# Laptop powers but black screen



## bry777 (Jul 26, 2008)

1st.. Thank you for taking the time to help me.

Well I have a Ibuypower Laptop. Vista OS, AMD athlon 64 processor, 2g muskin ram, Hitachi 80g harddrive, and ATI 256 mb graphics card (not sure model).

My computer was working fine. I went to work and my 6yr old son turned on my computer. when I got home my computer was off. I tried to turn it on and the power light came on, but the screen remained black.

I asked my son if he did anything and he just said he just turned it on. I could hear the hard drive spin up.

also normally to shut off the computer via the power button, I would have to Hold the button down for 10sec. Now if you just touch the power button it shuts off. I tired the FN/F2 thing to see if it was the screen. No joy. I pretty much tried every combination of keys, with no luck.

The "wierd" thing is this... I took off the backing and reseted the RAM, Harddrive, CPU and cleaned the fan. When I put everything back and and turned it on... IT WORKED!!! lol so it powered on and worked fine, I then shut it down normally and had to go. I came back later that day and now its doing the same thing. 

So I do not think its the screen, but am lost. Any help you can provide, would be great. Again thank you for taking time to read this.

Bryan


----------



## sobeit (Nov 11, 2007)

when you turn it on, does it sound like its running normal just without the screen? In other words do the fans come on, lights come on etc... If so, try an external monitor and see if it work

Also are you having the problems with it on battery or plugged in? make sure the battery is not loose.

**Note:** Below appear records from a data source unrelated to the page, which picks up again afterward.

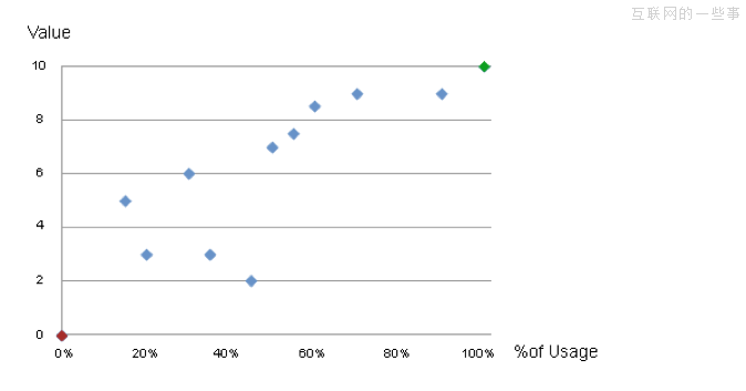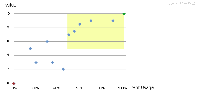 一旦你在怀疑清单对所有的功能都评级以后,下一步,就是建立一个图表,把这些功能使用比例和价值评级画在图上。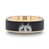 This is a beautiful Howling Wolves design on our Gold Plated Tungsten Polished Polished Beveled Ring with Brushed Black Center. Our engraved design conveys two wolves howling at the moon freely together in nature.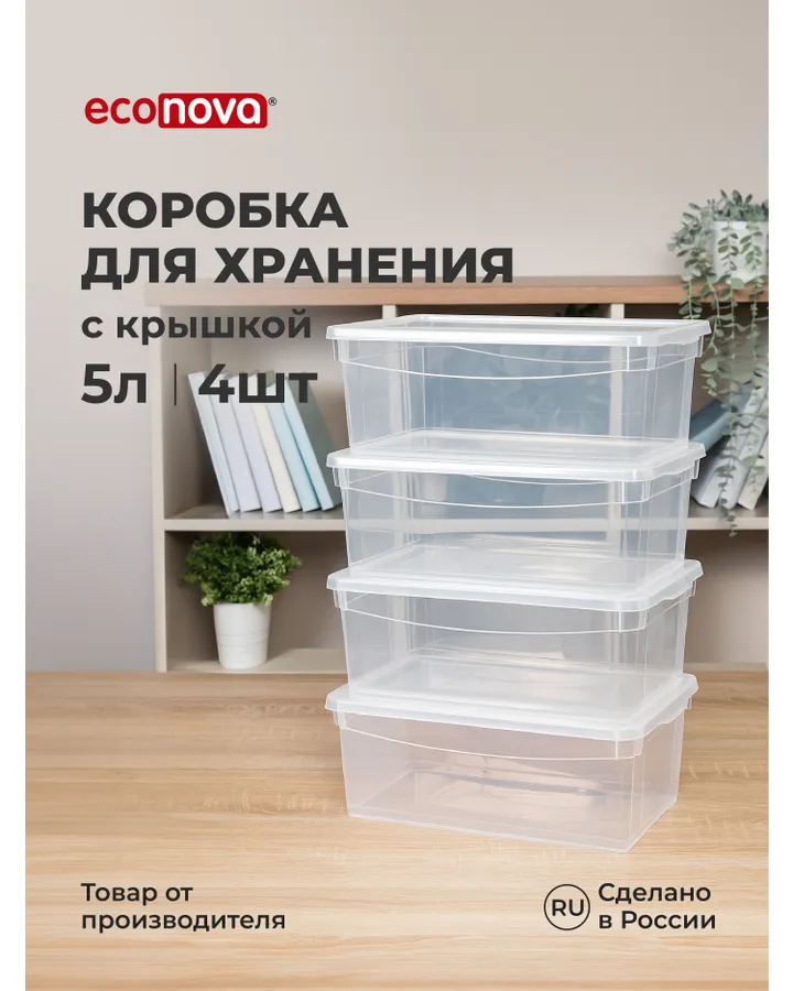 Ящики для хранения Бытпласт Кристалл 4шт по 5л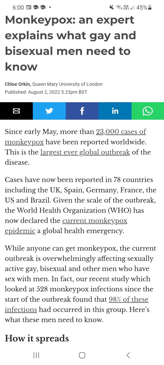Monkeypox has been declared a public health emergency by the World Health Organisation (WHO), and the USA’s Department of Health and Human Services. This does not mean that we’re all in imminent danger of being infected but it does serve to call attention (and resources) to prevent it from becoming so.

Maybe try holding it in when you first turn it on.


----------



## bry777 (Jul 26, 2008)

Thanks for the reply. I did try another screen > no luck. I also tried it on battery and power cable> no luck. 

It does power on normally. the HD light blinks 3 or four times and then flashes rapidly for a second, then goes out. The fans come on. The "Moon" light turns steady red. not sure what that is. Also, sometimes I turn it on the moon light is on, others its not.

its a mystery... but thanks for the help


----------



## TriggerFinger (Jan 30, 2008)

bry777 said:


> The "wierd" thing is this... I took off the backing and reseted the RAM, Harddrive, CPU and cleaned the fan. When I put everything back and and turned it on... IT WORKED!!! lol so it powered on and worked fine, I then shut it down normally and had to go. I came back later that day and now its doing the same thing.


You removed the CPU? Did you apply thermal compound on the CPU and heatsink when you put it back in place? I suggest you try the same things you did before but this time, just reseat the RAM.. better if you use a known working spare.


----------



## bry777 (Jul 26, 2008)

Thanks trigger, I will give that a try


----------